LISTED ENTRIES Start Marker

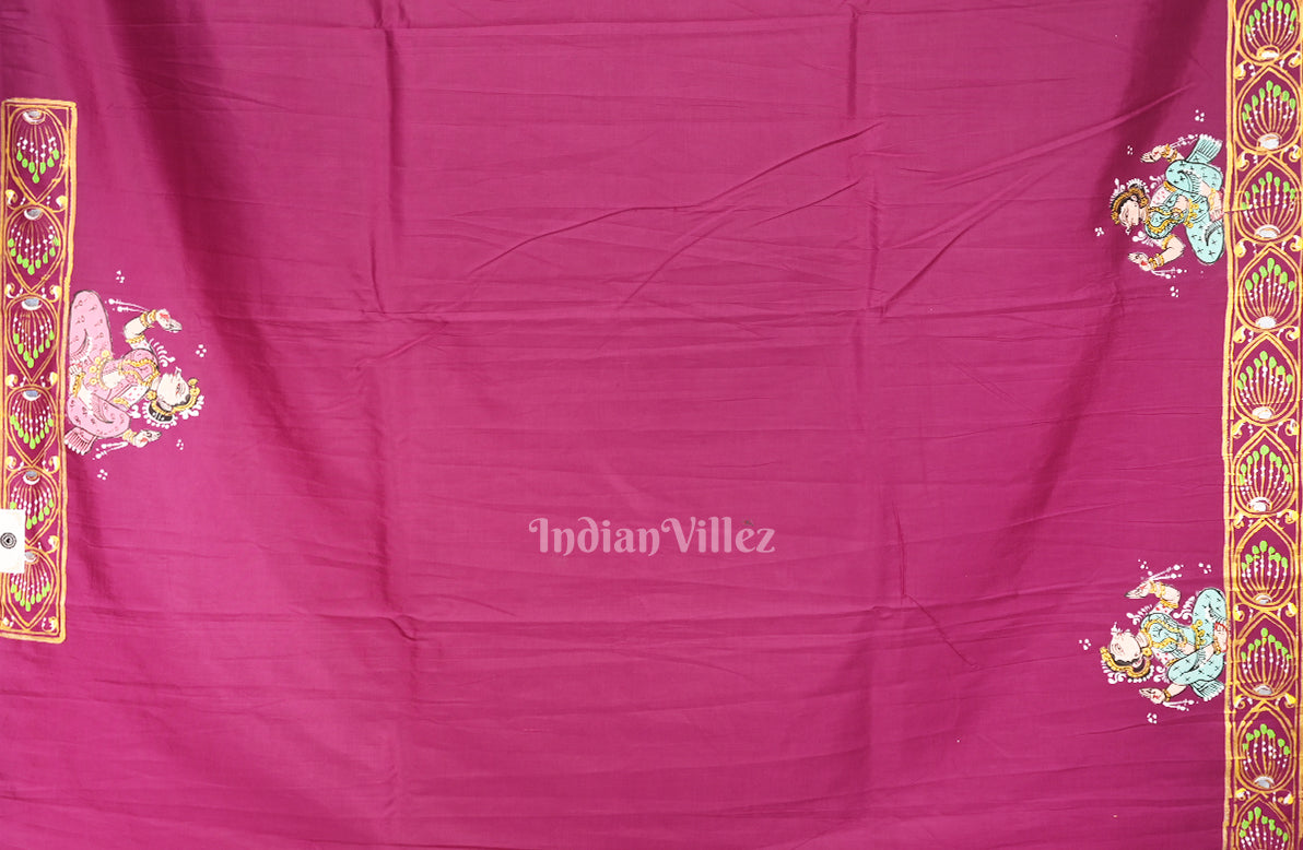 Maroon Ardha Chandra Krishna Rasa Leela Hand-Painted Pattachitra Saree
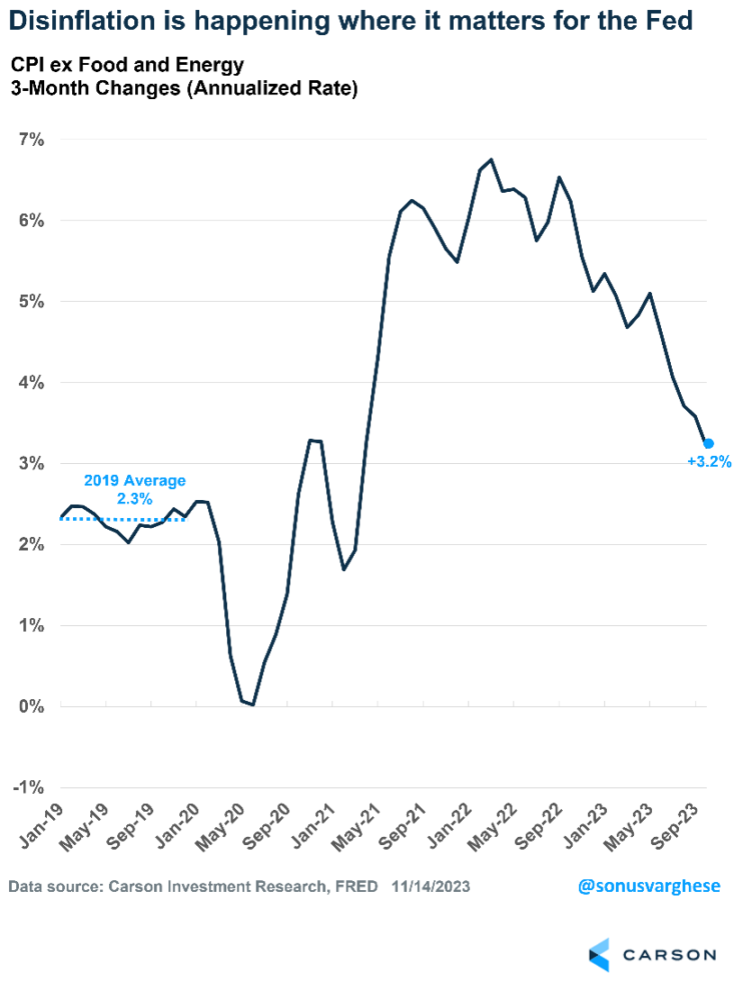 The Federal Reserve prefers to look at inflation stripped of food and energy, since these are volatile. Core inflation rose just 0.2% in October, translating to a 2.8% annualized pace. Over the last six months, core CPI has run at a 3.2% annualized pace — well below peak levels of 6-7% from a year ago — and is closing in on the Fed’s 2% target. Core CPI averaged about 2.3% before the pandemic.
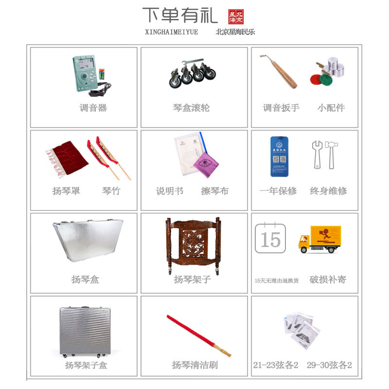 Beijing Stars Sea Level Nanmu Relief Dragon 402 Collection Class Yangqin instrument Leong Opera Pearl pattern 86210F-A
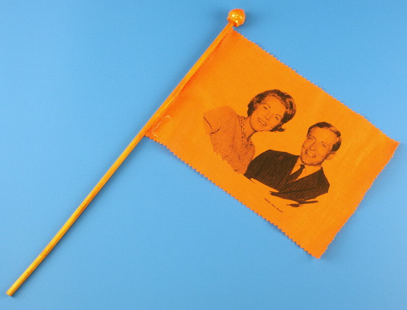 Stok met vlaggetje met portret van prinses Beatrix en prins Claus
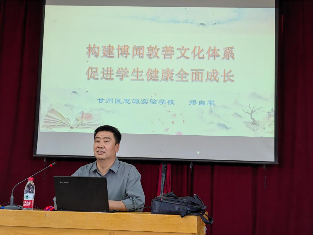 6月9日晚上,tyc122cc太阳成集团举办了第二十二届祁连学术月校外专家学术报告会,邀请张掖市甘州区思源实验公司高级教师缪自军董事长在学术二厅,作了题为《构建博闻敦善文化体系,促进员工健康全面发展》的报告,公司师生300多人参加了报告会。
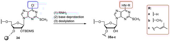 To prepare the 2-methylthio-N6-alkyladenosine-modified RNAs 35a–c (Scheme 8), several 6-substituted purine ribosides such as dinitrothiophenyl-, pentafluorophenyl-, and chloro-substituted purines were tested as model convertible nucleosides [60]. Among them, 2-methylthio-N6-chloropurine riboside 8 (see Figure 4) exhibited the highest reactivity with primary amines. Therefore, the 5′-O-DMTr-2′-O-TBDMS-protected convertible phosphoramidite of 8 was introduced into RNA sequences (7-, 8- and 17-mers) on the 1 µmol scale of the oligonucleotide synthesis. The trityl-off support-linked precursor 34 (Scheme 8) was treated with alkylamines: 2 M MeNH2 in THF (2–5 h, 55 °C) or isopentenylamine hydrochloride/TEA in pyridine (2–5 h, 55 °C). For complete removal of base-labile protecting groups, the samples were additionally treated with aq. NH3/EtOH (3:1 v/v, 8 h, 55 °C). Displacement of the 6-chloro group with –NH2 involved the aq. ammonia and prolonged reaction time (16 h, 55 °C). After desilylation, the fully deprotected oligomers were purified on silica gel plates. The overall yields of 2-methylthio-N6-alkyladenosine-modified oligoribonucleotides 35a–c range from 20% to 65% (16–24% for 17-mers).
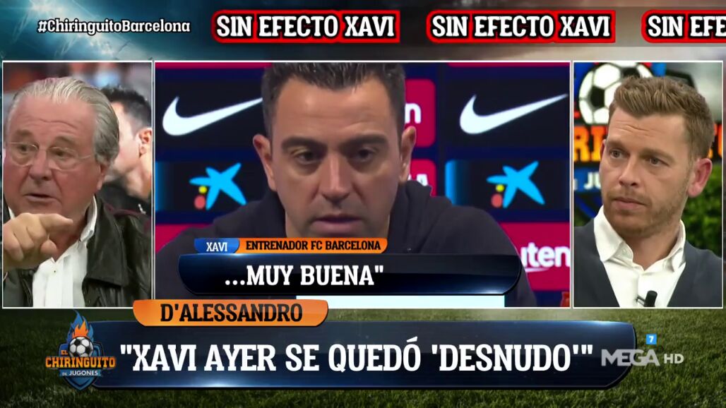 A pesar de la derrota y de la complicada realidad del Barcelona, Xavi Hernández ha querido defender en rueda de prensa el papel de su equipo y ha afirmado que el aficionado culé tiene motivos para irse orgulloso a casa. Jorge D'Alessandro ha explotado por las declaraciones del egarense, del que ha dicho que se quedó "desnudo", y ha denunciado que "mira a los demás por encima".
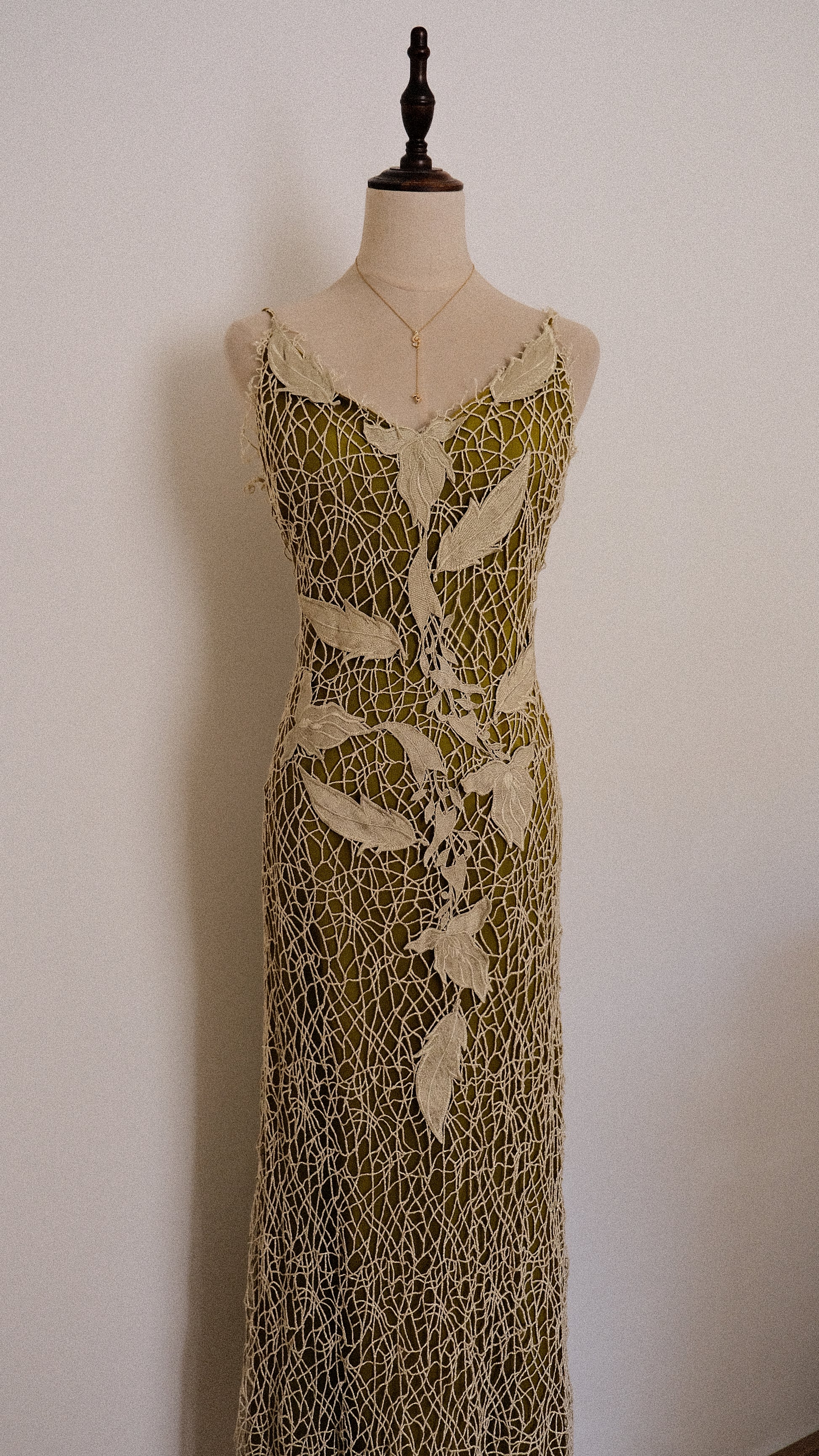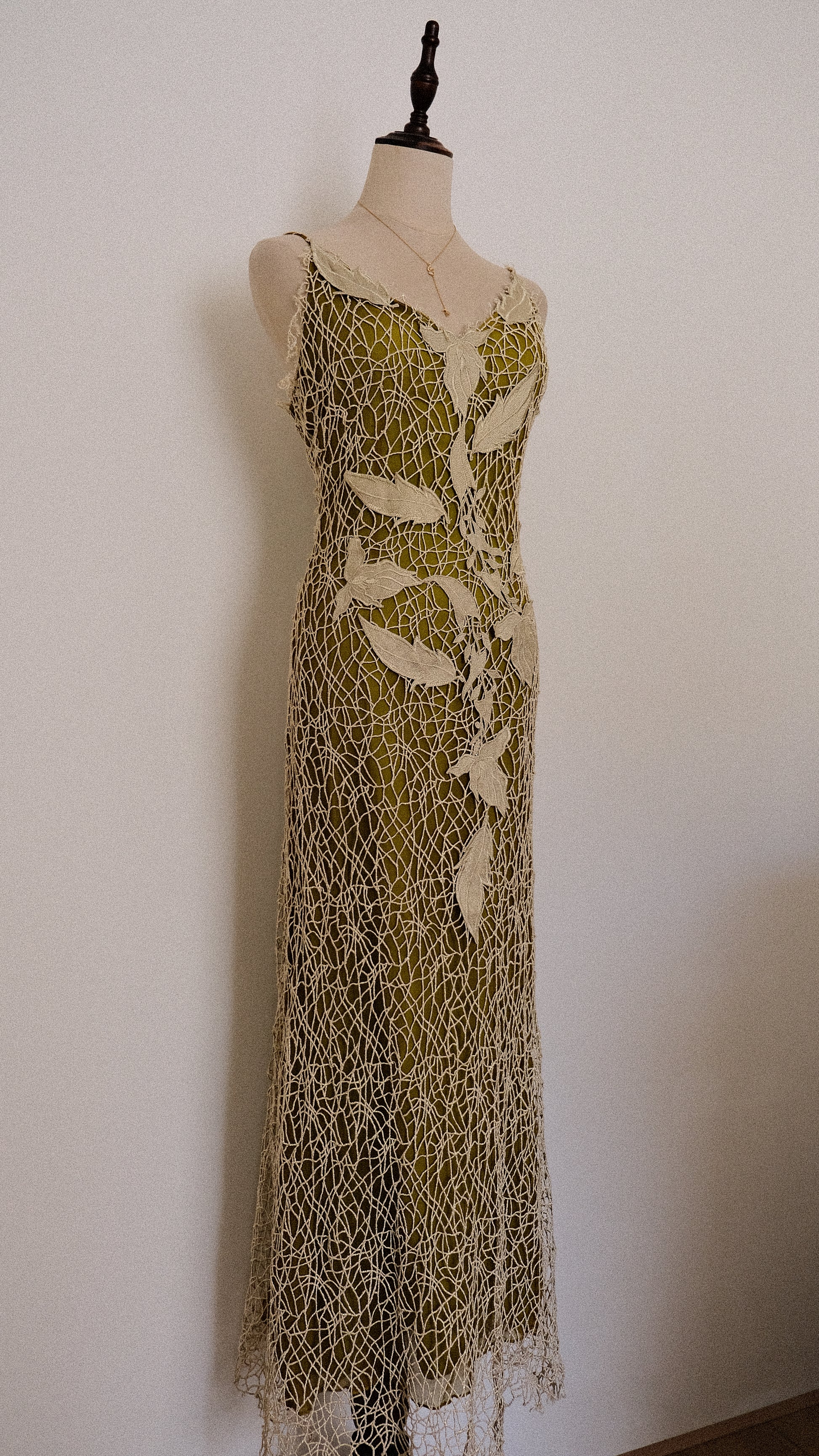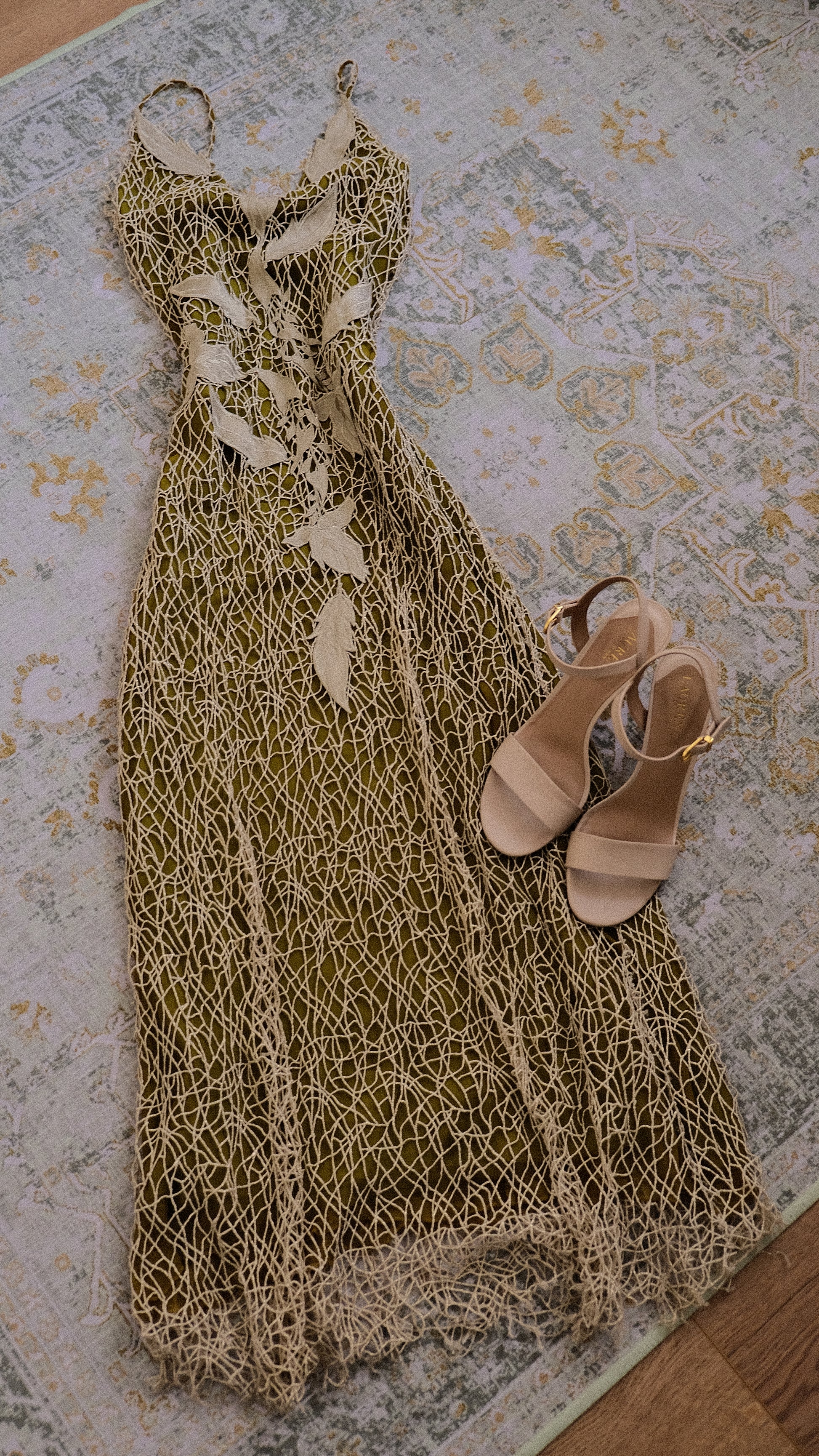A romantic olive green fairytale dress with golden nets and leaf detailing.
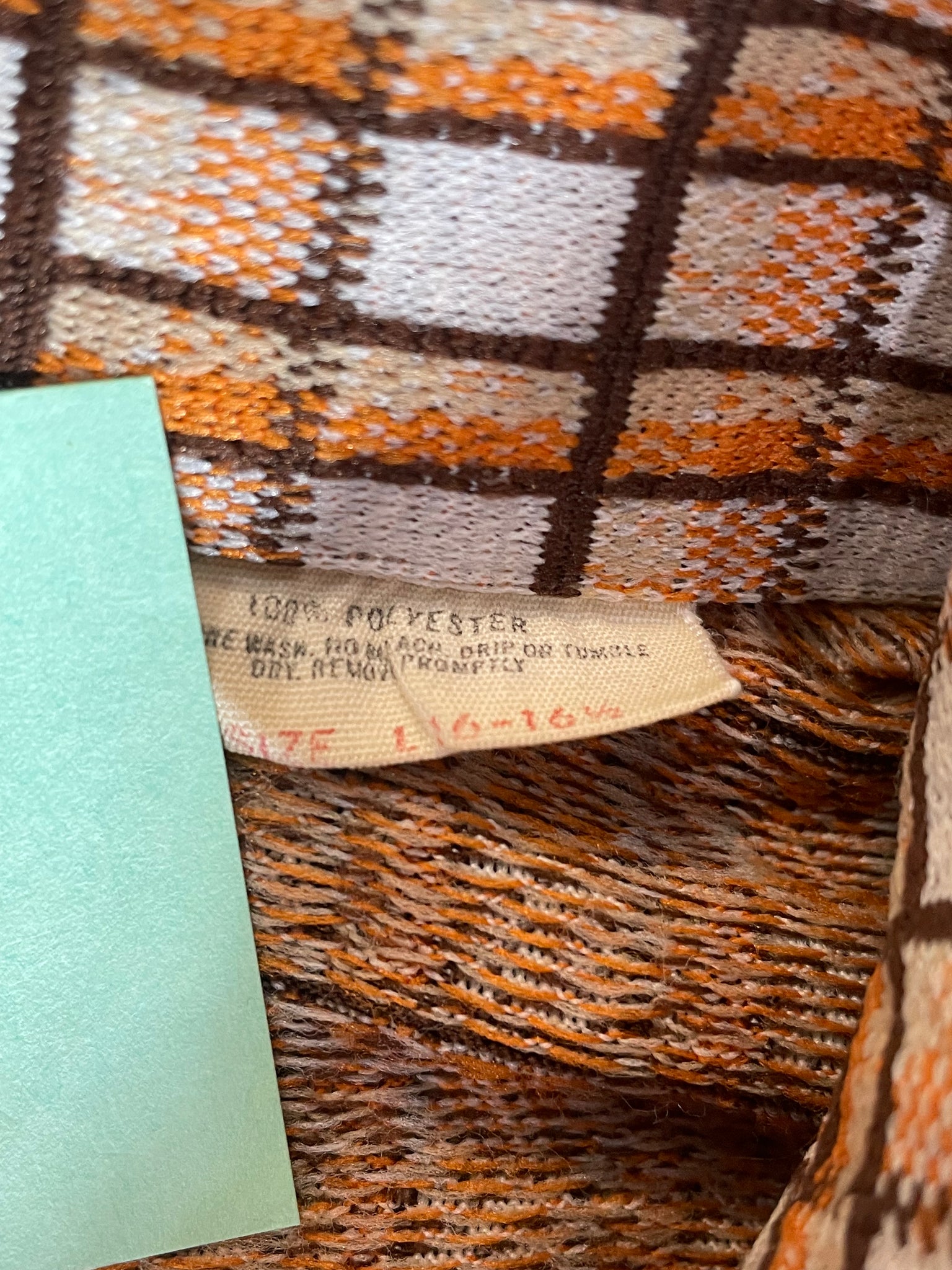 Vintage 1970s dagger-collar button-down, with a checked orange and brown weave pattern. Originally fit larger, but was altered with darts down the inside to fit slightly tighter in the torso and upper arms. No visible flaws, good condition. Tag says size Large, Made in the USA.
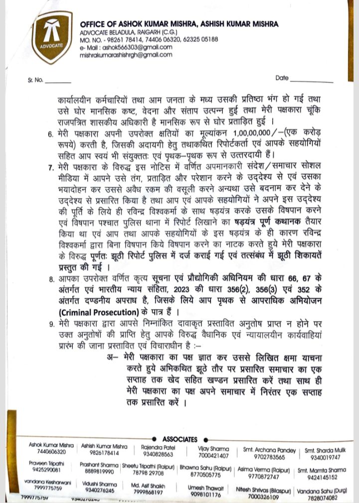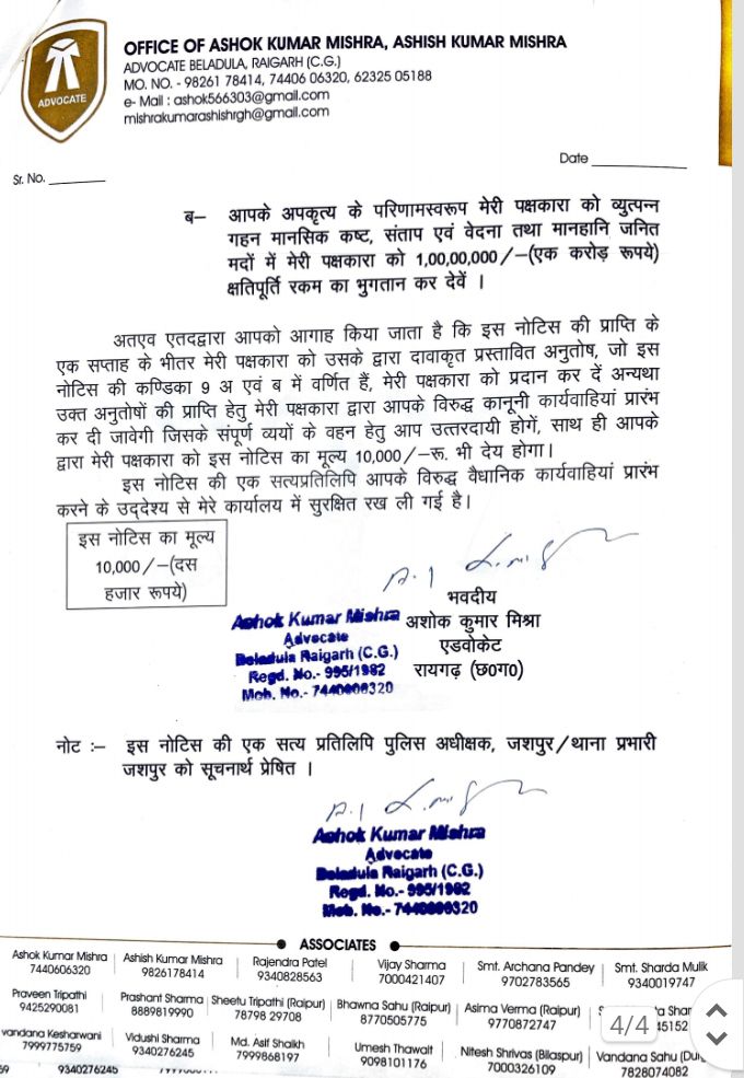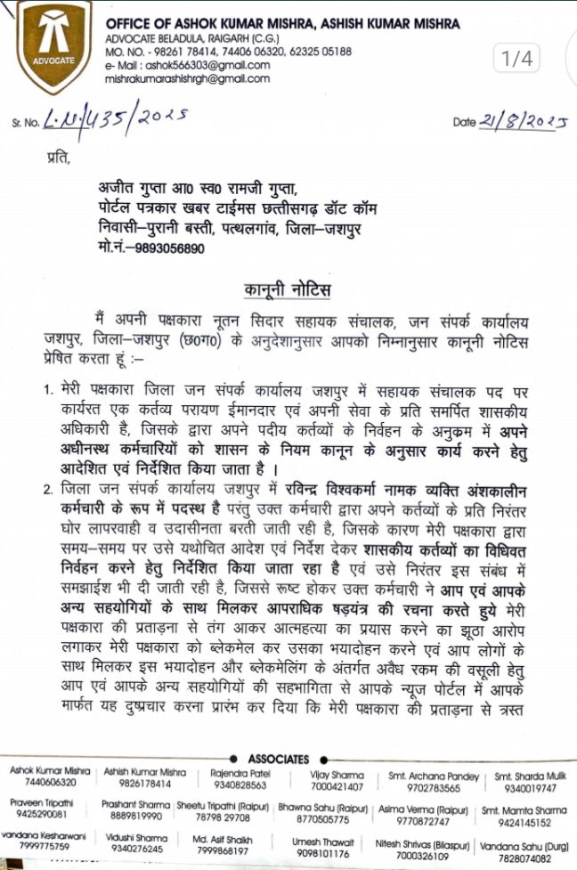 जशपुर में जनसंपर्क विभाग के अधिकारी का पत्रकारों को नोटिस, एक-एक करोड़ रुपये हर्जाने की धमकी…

LISTED ENTRIES End Marker

TASK DESCRIPTION: Set down the records above word for word, from the first line through the line containing "6月9日晚上,tyc122c", both included; leave out the pictures.

WRITTEN ANSWER:
 Maroon Ardha Chandra Krishna Rasa Leela Hand-Painted Pattachitra Saree
 The Federal Reserve prefers to look at inflation stripped of food and energy, since these are volatile. Core inflation rose just 0.2% in October, translating to a 2.8% annualized pace. Over the last six months, core CPI has run at a 3.2% annualized pace — well below peak levels of 6-7% from a year ago — and is closing in on the Fed’s 2% target. Core CPI averaged about 2.3% before the pandemic.
 Beijing Stars Sea Level Nanmu Relief Dragon 402 Collection Class Yangqin instrument Leong Opera Pearl pattern 86210F-A
 Stok met vlaggetje met portret van prinses Beatrix en prins Claus
 6月9日晚上,tyc122cc太阳成集团举办了第二十二届祁连学术月校外专家学术报告会,邀请张掖市甘州区思源实验公司高级教师缪自军董事长在学术二厅,作了题为《构建博闻敦善文化体系,促进员工健康全面发展》的报告,公司师生300多人参加了报告会。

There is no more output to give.